I’ve felt this tension most clearly between two different worlds. In France, even with deep sincerity and effort, I often feel like I’m swimming against the current. I have to explain my lifestyle, face judgmental stares, pay high prices for healthy food, and search for silence like it’s a rare treasure. The culture around me moves in the opposite direction of my values, and that creates constant exhaustion.

In India, in the Himalayan foothills, everything naturally aligns. The quiet is there. The food is simple. Slowness is allowed. I breathe easier. I think more clearly. Even my work flows more peacefully. It’s not magic — it’s coherence.

When Yoga Becomes Another Mental Load

In a misaligned world, yoga can turn into yet another pressure. We push through routines, even when we’re exhausted. We try to stay calm, even when the world is overwhelming. We force ourselves to meditate, even when our minds are saturated.

The risk is that the practice becomes a silent performance, and we end up blaming ourselves for not feeling peaceful — even when the environment makes peace nearly impossible.

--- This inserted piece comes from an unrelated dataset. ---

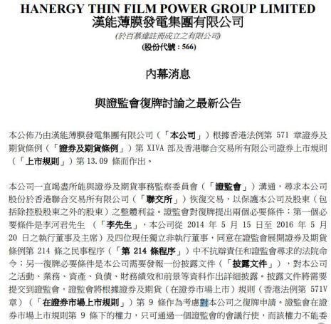 当天,香港证监会也在其网站就汉能薄膜五位现任及前任董事所涉及的证券及期货条例第214条民事程序发布新闻,对相关问题进行了陈述。
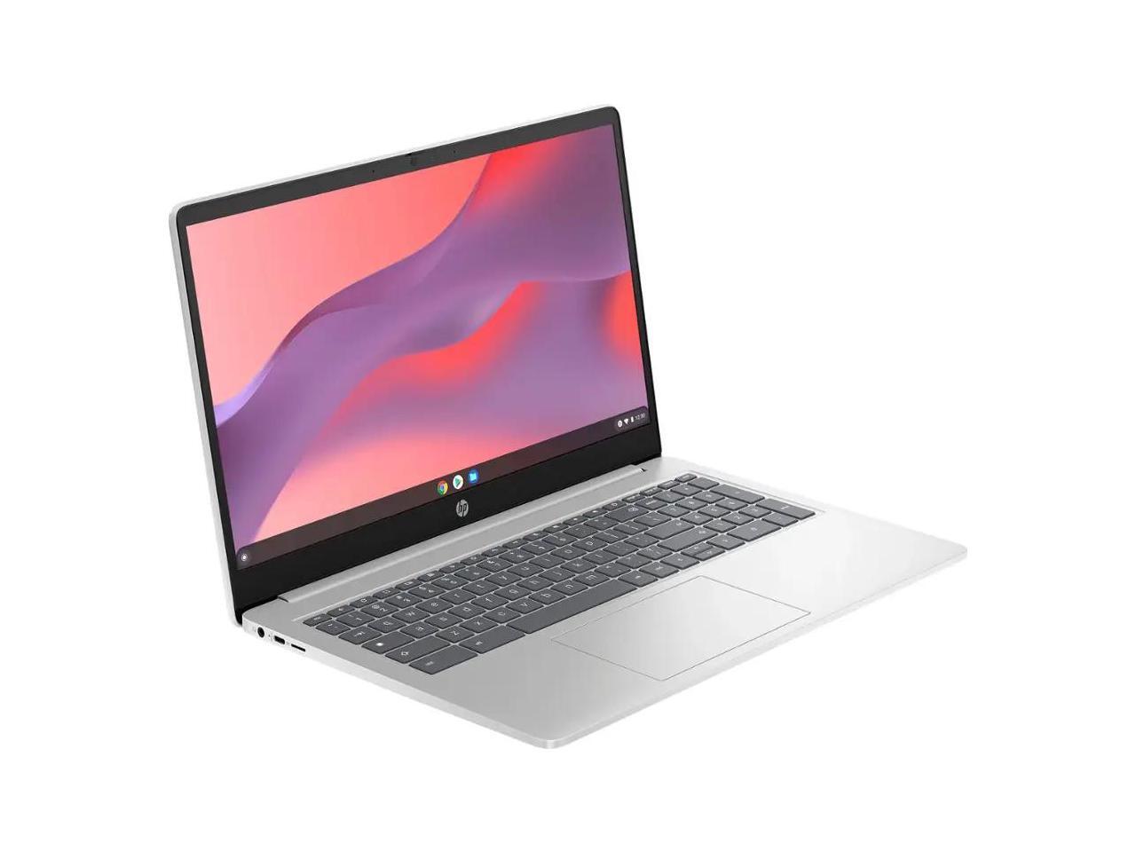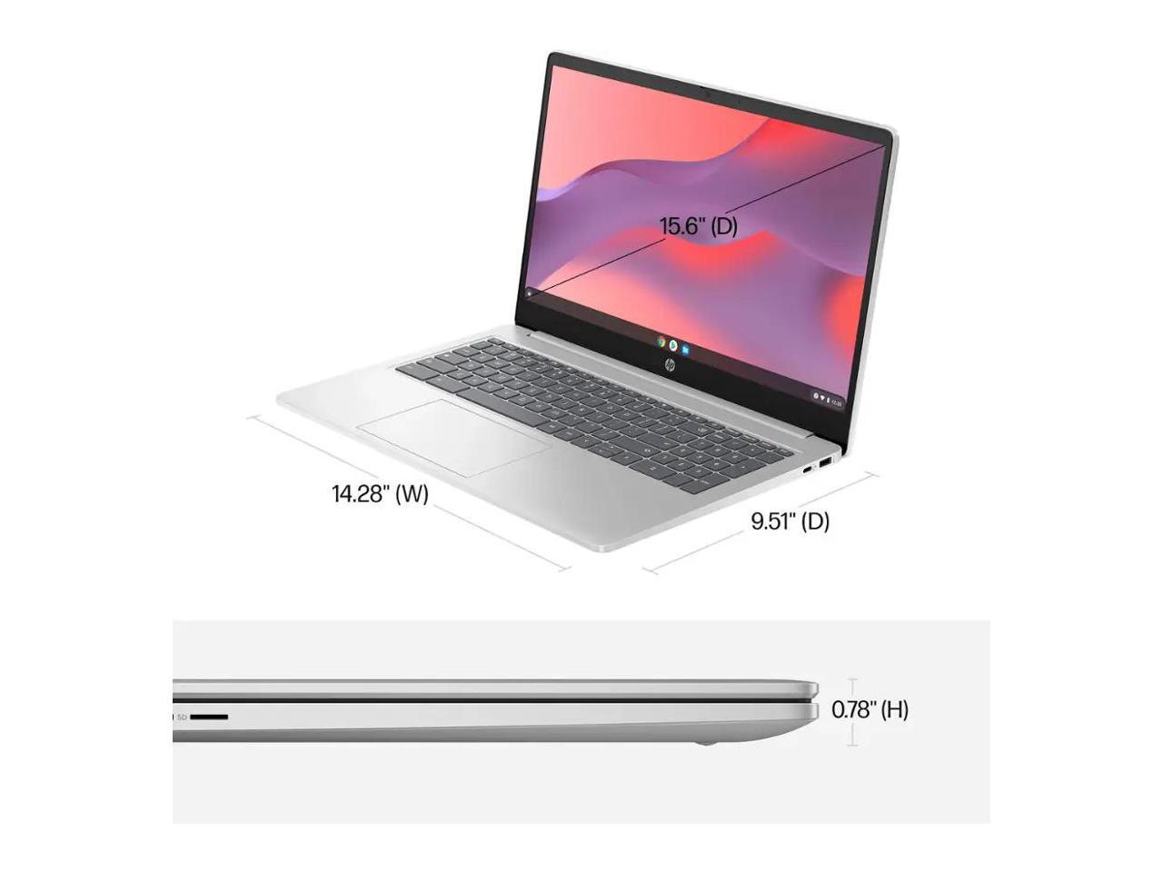 HP 15.6" HD Chromebook Laptop |Intel Processor N200|Intel UHD Graphics| WIFI| Webcam| Silver | 8GB RAM DDR5 | 64GB SSD |Chrome OS |Bundle with Mouse Pad

It’s Not You That Needs Fixing

If you recognize yourself in this struggle, I want to say this clearly: you are not broken — the world is often simply incoherent. Our sensitivity is not a weakness — it’s a compass. And our practices deserve better than a hostile setting. They deserve to be supported, honored, protected.

Planting Another Possibility

I don’t have a miracle solution. I keep adjusting, adapting, bending, rebuilding. But one thing is clear to me: our sincere efforts deserve an environment that nurtures them. Calm doesn’t grow on asphalt — but it can sprout in the cracks, where a little light and soil remain.

Even in this harsh world, the yoga we live is a seed of a different future. By cultivating peace against all odds, we are quietly preparing the ground for a more gentle, more coherent way of living. That seed is looking for a home. It’s up to all of us to make room for it — not just for ourselves, but for each other.